I’ve came across with the following code. As pointed out I perform the matrix multiplication with nn.Linear.

What do you think?

import torch
import torch.nn as nn

class BatchedMatMul(nn.Module):
    def __init__(self):
        self.quant = torch.quantization.QuantStub()
        self.linear = nn.Linear(3,3, bias=False)
        self.dequant = torch.quantization.DeQuantStub()

    def forward(self, input1, input2):
        y = []
        for b in range(input1.shape[0]):
          print(f"Linear's type: {type(self.linear)}")
          print(f"Linear's weigth type: {type(self.linear.weight)}")
          if isinstance(self.linear.weight, nn.Parameter):
            self.linear.weight.requires_grad = False
            self.linear.weight.copy_ (self.quant(input1[b]))
            scale = self.linear.weight().q_per_channel_scales()
            zero_point = self.linear.weight().q_per_channel_zero_points()
            w = torch.quantize_per_channel(input1[b], scale, zero_point, 1, torch.qint8)
            self.linear.set_weight_bias(w, b=None)
        return self.dequant(torch.stack(y))
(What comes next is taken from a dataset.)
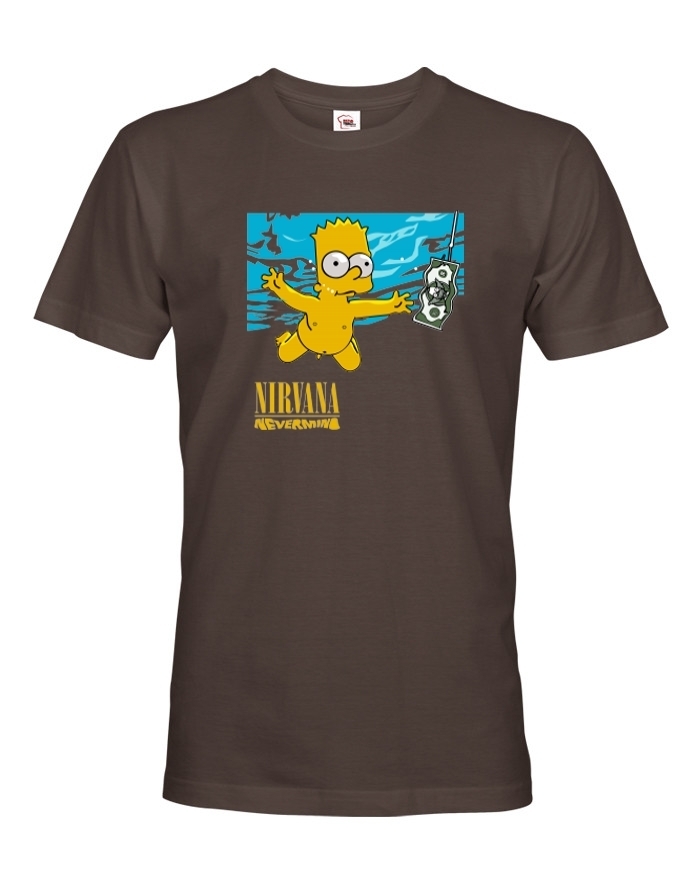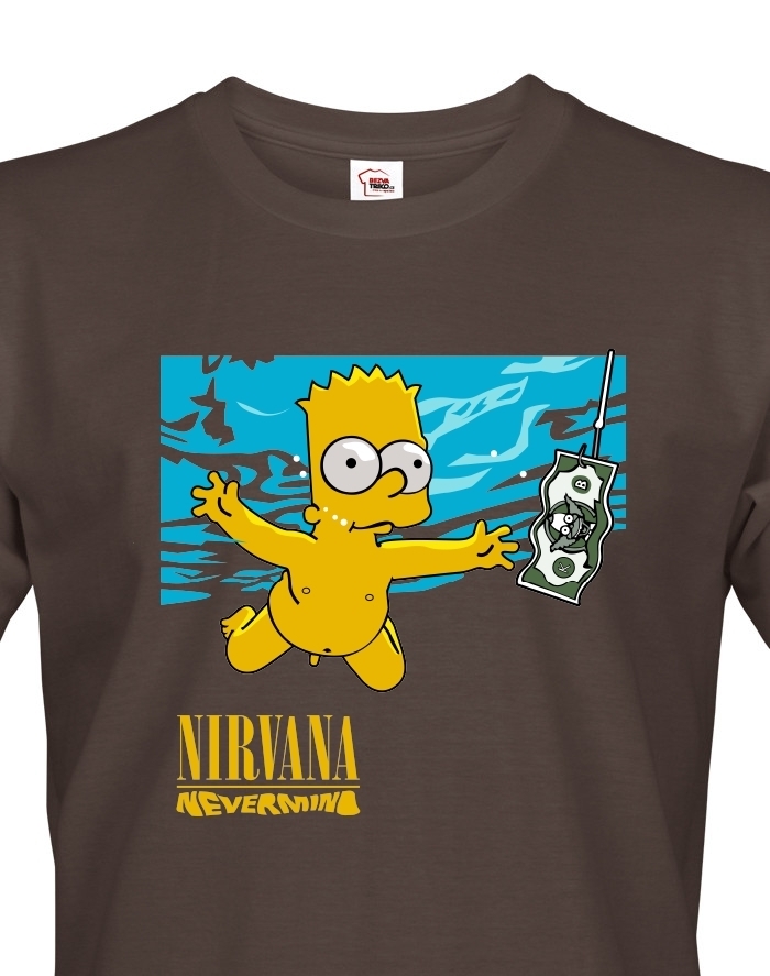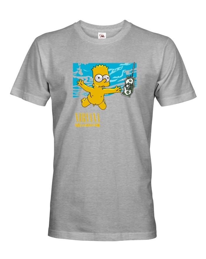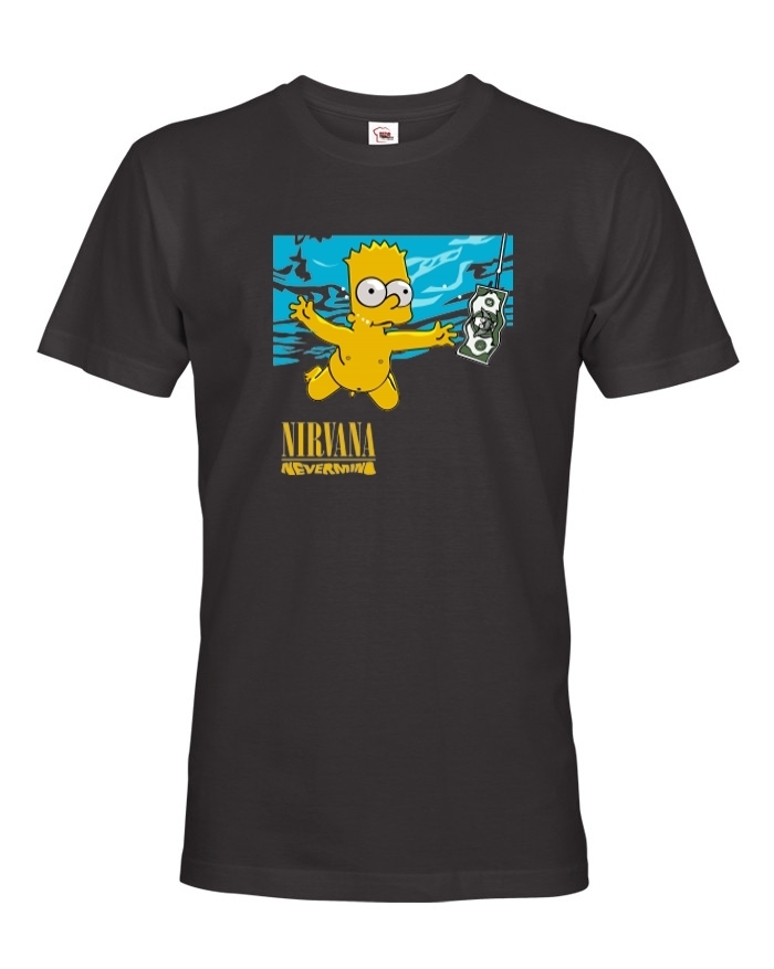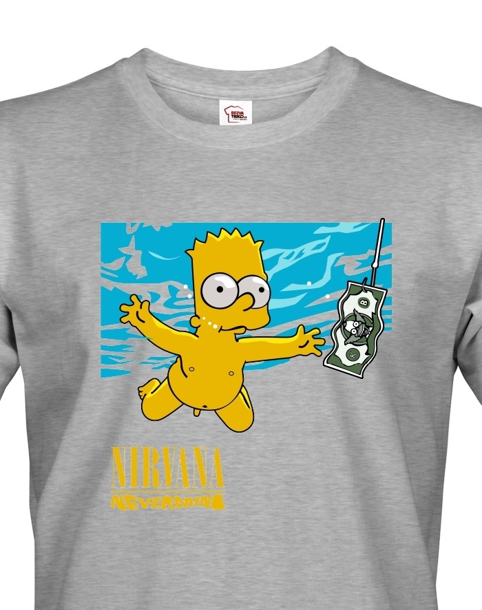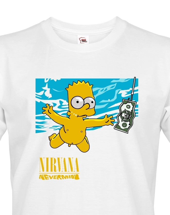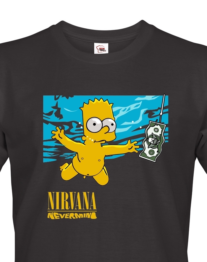 Tričko s potlačou známej seriálovej postavičky Barta Simpsona z amerického seriálu Simpsonovci vytvorený Mattom Groeningom na motív paródie obalu hudobného albumu Nevermind rockovej kapely Nirvana. Bart, ktorý nahradil nahé bábätko plávajúce za bankovkou je skvelý kúsok, ktorý ti nesmie chýbať. Originálne a vtipné tričko rozosmeje každého fanúšika týchto žltých človiečikov a fanúšika legendárnej skupiny Nirvana. Tričko sa bude vynímať na každej párty ale aj posedenie s priateľmi.

print("Cronstruct model...")
matmul = BatchedMatMul()
print("Cronstruct model... [OK]")

print("Running FP32 inference...")
inp = torch.ones(3, 3).repeat(2,1,1)
y = matmul(2*inp, inp)
print("FP32 output...")
print("Running FP32 inference... [OK]")

matmul.qconfig = torch.quantization.get_default_qat_qconfig('fbgemm')
matmul_prepared = torch.quantization.prepare(matmul)
matmul_prepared(2*inp, inp)
model_int8 = torch.quantization.convert(matmul_prepared)
print("Quantizing... [OK]")
print("Running INT8 inference...")
y = model_int8.forward(2*inp, inp)
print("Int8 Output")
print("Running INT8 inference..[OK]")


Cronstruct model...
Cronstruct model... [OK]
Running FP32 inference...
Linear's type: <class 'torch.nn.modules.linear.Linear'>
Linear's weigth type: <class 'torch.nn.parameter.Parameter'>
Linear's type: <class 'torch.nn.modules.linear.Linear'>
Linear's weigth type: <class 'torch.nn.parameter.Parameter'>
FP32 output...
tensor([[[6., 6., 6.],
         [6., 6., 6.],
         [6., 6., 6.]],

        [[6., 6., 6.],
         [6., 6., 6.],
         [6., 6., 6.]]])
Running FP32 inference... [OK]
Linear's type: <class 'torch.nn.modules.linear.Linear'>
Linear's weigth type: <class 'torch.nn.parameter.Parameter'>
Linear's type: <class 'torch.nn.modules.linear.Linear'>
Linear's weigth type: <class 'torch.nn.parameter.Parameter'>
Quantizing... [OK]
Running INT8 inference...
Linear's type: <class 'torch.nn.quantized.modules.linear.Linear'>
Linear's weigth type: <class 'method'>
Linear's type: <class 'torch.nn.quantized.modules.linear.Linear'>
Linear's weigth type: <class 'method'>
Int8 Output
tensor([[[5.9695, 5.9695, 5.9695],
         [5.9695, 5.9695, 5.9695],
         [5.9695, 5.9695, 5.9695]],

        [[5.9695, 5.9695, 5.9695],
         [5.9695, 5.9695, 5.9695],
         [5.9695, 5.9695, 5.9695]]])
Running INT8 inference..[OK]
/usr/local/lib/python3.6/dist-packages/torch/quantization/ UserWarning: Please use quant_min and quant_max to specify the range for observers.                     reduce_range will be deprecated in a future release of PyTorch.
  reduce_range will be deprecated in a future release of PyTorch."

currently we only support quint8 for activations and qint8 for weight I think.

Currently we do not have plans for supporting bmm, one workaround is to put DeQuantStub and QuantStub around bmm op to skip quantizing it.